The conflict is less than 100 years old. Before 1900, Jews, Christians, and Muslims lived together in the Holy Land mostly peacefully in a quiet agrarian society. While some European Jews immigrated in the late 1800’s to what was then Ottoman Empire-controlled Palestine, their numbers were small. In 1917, as World War I was coming to a close, the British government became the colonial power in control of historic Palestine (the area known today as Israel, the West Bank, and the Gaza Strip). With the 1917 “Balfour Declaration” the British made clear their support for a Jewish state in Palestine. After 1917, immigration of European Jews to Palestine escalated, increasing each year as time wore on. Many of these new immigrants were in flight from anti-Semitism in Europe.

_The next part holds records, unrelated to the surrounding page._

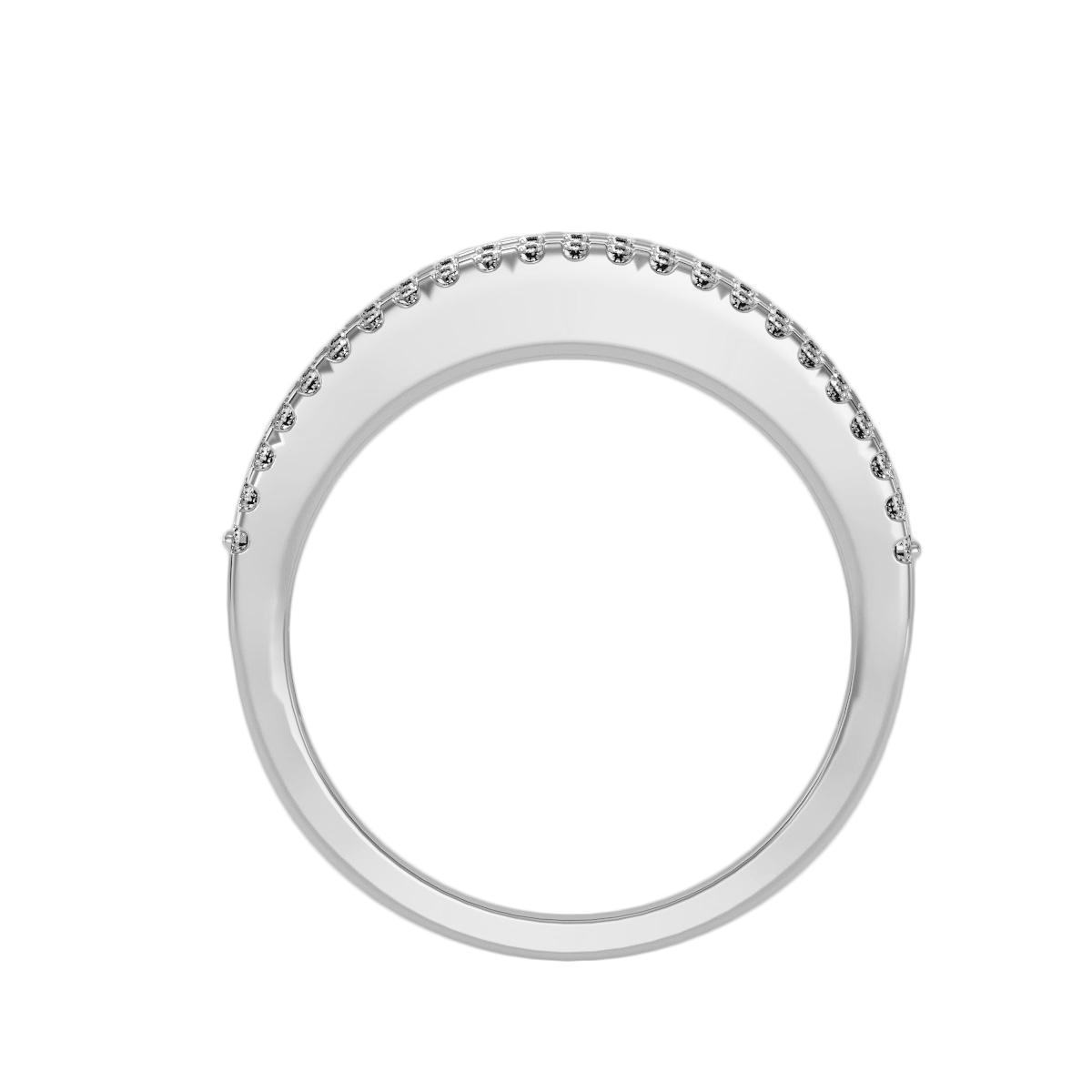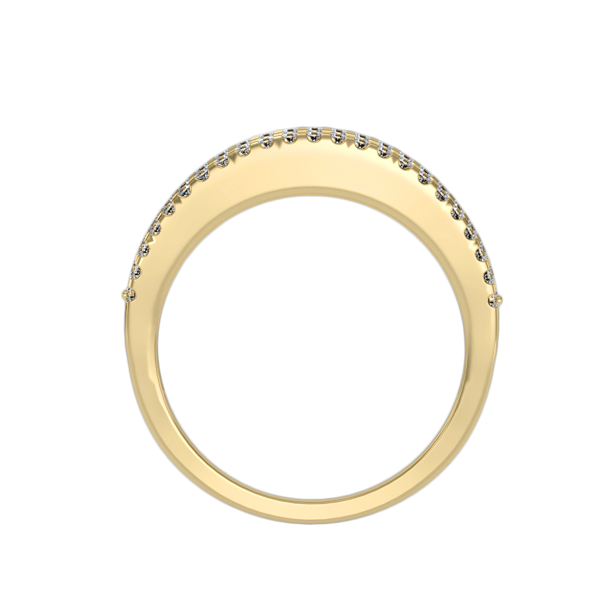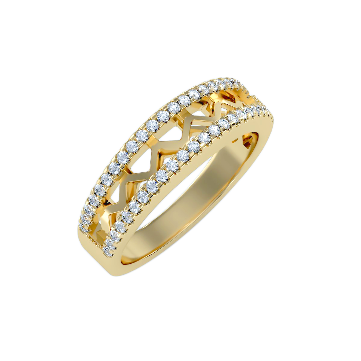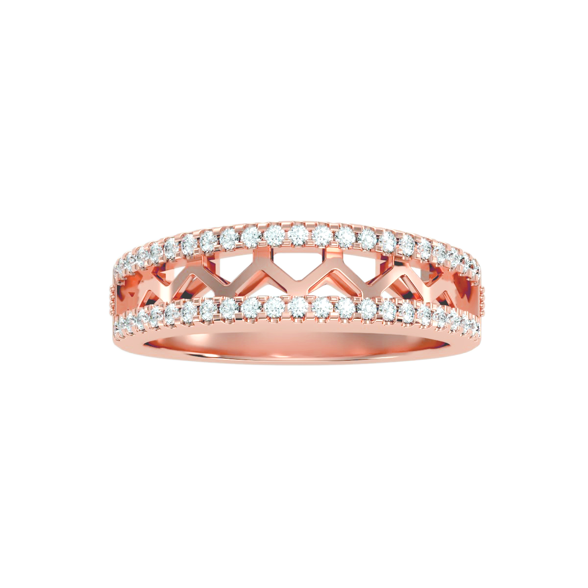 This unique diamond band features a captivating lattice design, framed by two rows of sparkling diamonds set in luxurious gold. The intricate openwork pattern adds depth and dimension, making this ring a perfect blend of modern elegance and timeless beauty. Crafted with precision, this exquisite piece is adorned with shimmering lab-grown diamonds, offering a sustainable and ethically sourced sparkle. Please contact us if you'd like to customize this design with natural diamonds.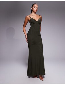 Wanderdoll Leah triple layered sculpting mesh lace cup detail cami fishtail maxi dress in forest green-Grey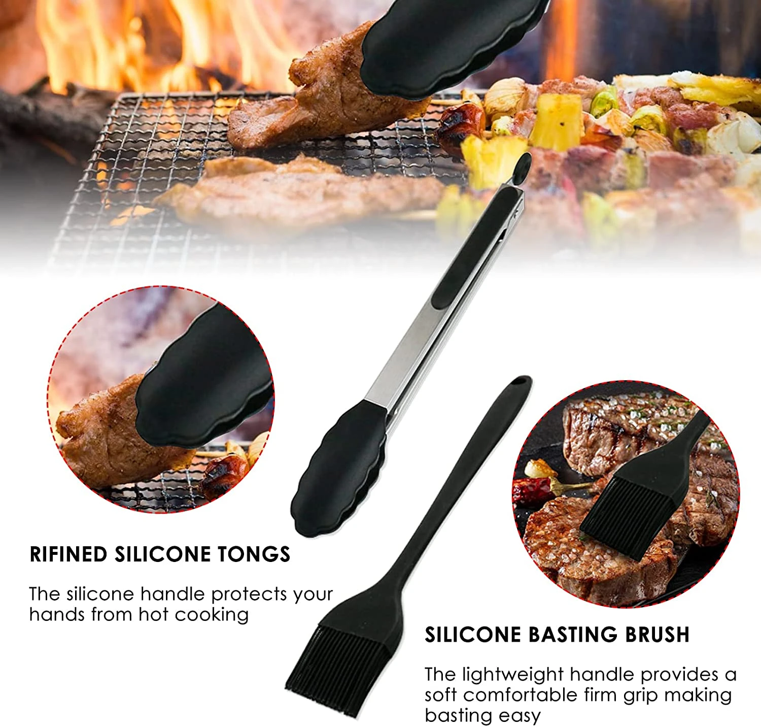 - 【PROFESSIONAL GRILL TOOLS SET】- The premium 11PCS griddle accessories kit has all the griddle tools you need for backyard griddle cooking, including 1 x 12” Cheese Melting Dome, 2 griddle spatulas, burger spatula, scraper, grill tongs, basting brushes, 2 egg rings, 2 bottles. Features all of the grilling accessories you need to cookout like a chef

As the Nazis came to power in Germany in the early 1930’s and began their oppression and later genocide of European Jews, the numbers of European Jewish immigrants to Palestine increased dramatically. Through these early decades of the 20th century, between the British commitment to creating a Jewish state in Palestine and as more European Jews flooded in, tensions between the European newcomers and the native Palestinian Arabs began and increased over time. After the genocide and near annihilation of European Jewry by the Nazis during World War II, the movement to make a Jewish homeland in Historic Palestine found understandable sympathy. The fly in the ointment was the fact that another people already lived in that land.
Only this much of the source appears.